Lowy Institute: Live Events show

Summary: Hong Kong is facing the deepest political crisis since it was handed back to China by the United Kingdom in 1997. The partially autonomous Chinese territory has been shaken by weeks of huge democracy protests, and violent clashes between activists, the police and supporters of the Chinese Government. The spark for the latest tensions was a now-suspended bill that would have allowed Hong Kongers to be extradited to mainland China. But the protests are being driven by opposition to Beijing’s intensifying pressure on the freedoms and autonomy that were promised to the city for 50 years from 1997. The Lowy Institute hosted a panel discussion about the causes of this crisis, the implications for this global financial centre, and the impact on China’s place in the world. Lai-Ha Chan is a Senior Lecturer in the Social and Political Sciences Program at the School of Communication at the University of Technology Sydney.
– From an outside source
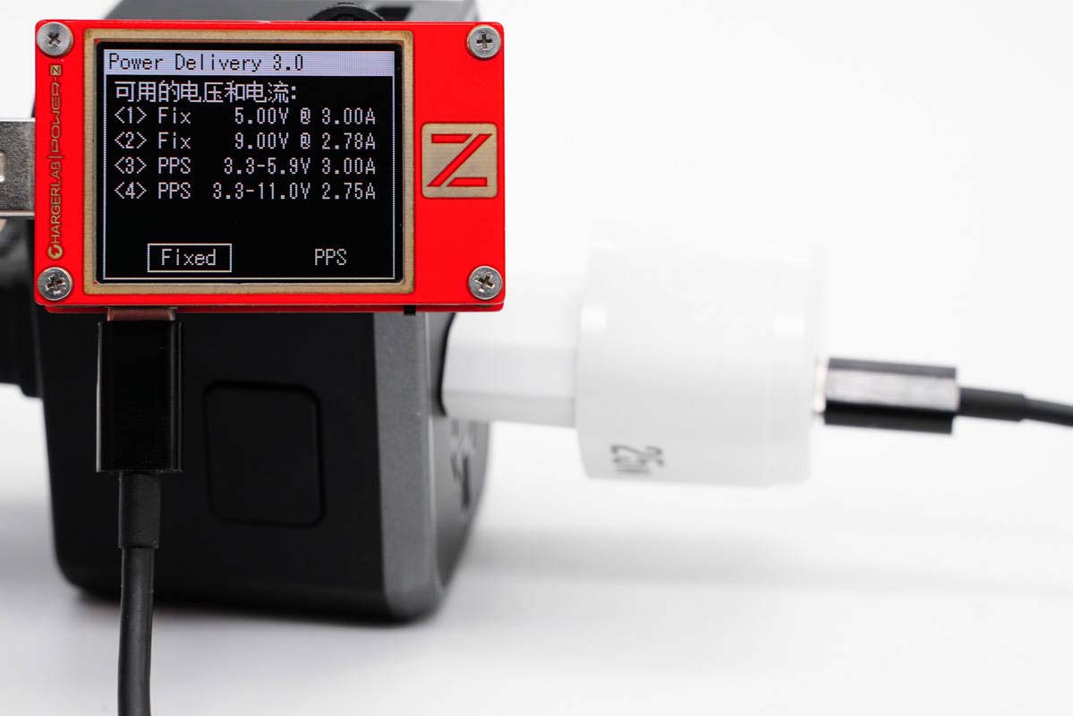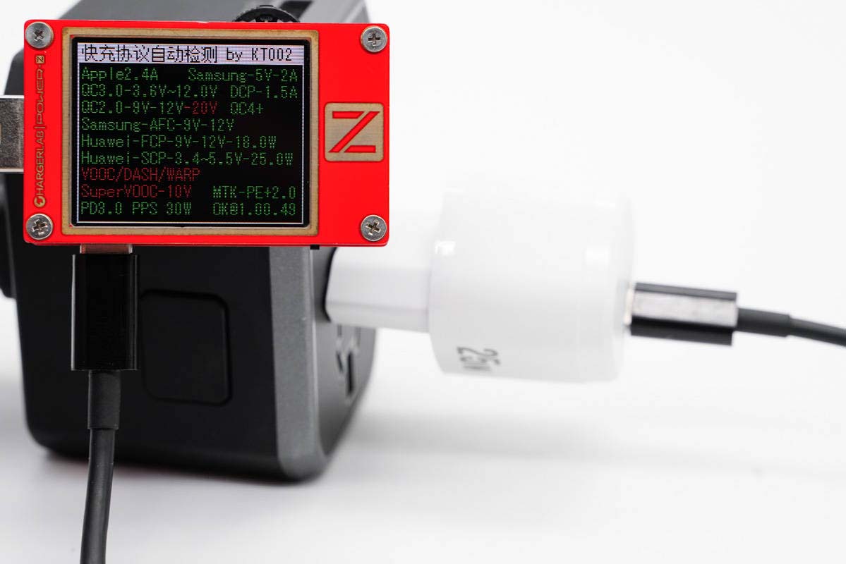 使用ChargerLAB POWER-Z KT002测得USB-C口支持Apple 2.4A、Samsung 5V2A、DCP协议,以及QC2.0/3.0、AFC、FCP、SCP、PE2.0、PD3.0、PPS快充协议。

She studies China’s international relations and its place in the global order. Before coming to Australia to conduct her PhD research, she worked for the Hong Kong Government. Jared Fu is a university student and democracy activist from Hong Kong who helped organise the recent protest in Sydney against the extradition bill. Ben Bland is the Director of the Southeast Asia Project at the Lowy Institute and a former correspondent for the Financial Times in Hong Kong. He is the author of Generation HK: Seeking Identity in China’s Shadow, which tells the stories of the young Hong Kongers on the frontlines of the city’s struggle for freedom. The discussion was chaired by Richard McGregor, Lowy Institute Senior Fellow and leading expert on China’s political system and Asian geopolitics. He is the award-winning author of The Party: The Secret World of China’s Communist Rulers and Asia’s Reckoning: China, Japan and the Fate of US Power in the Pacific Century.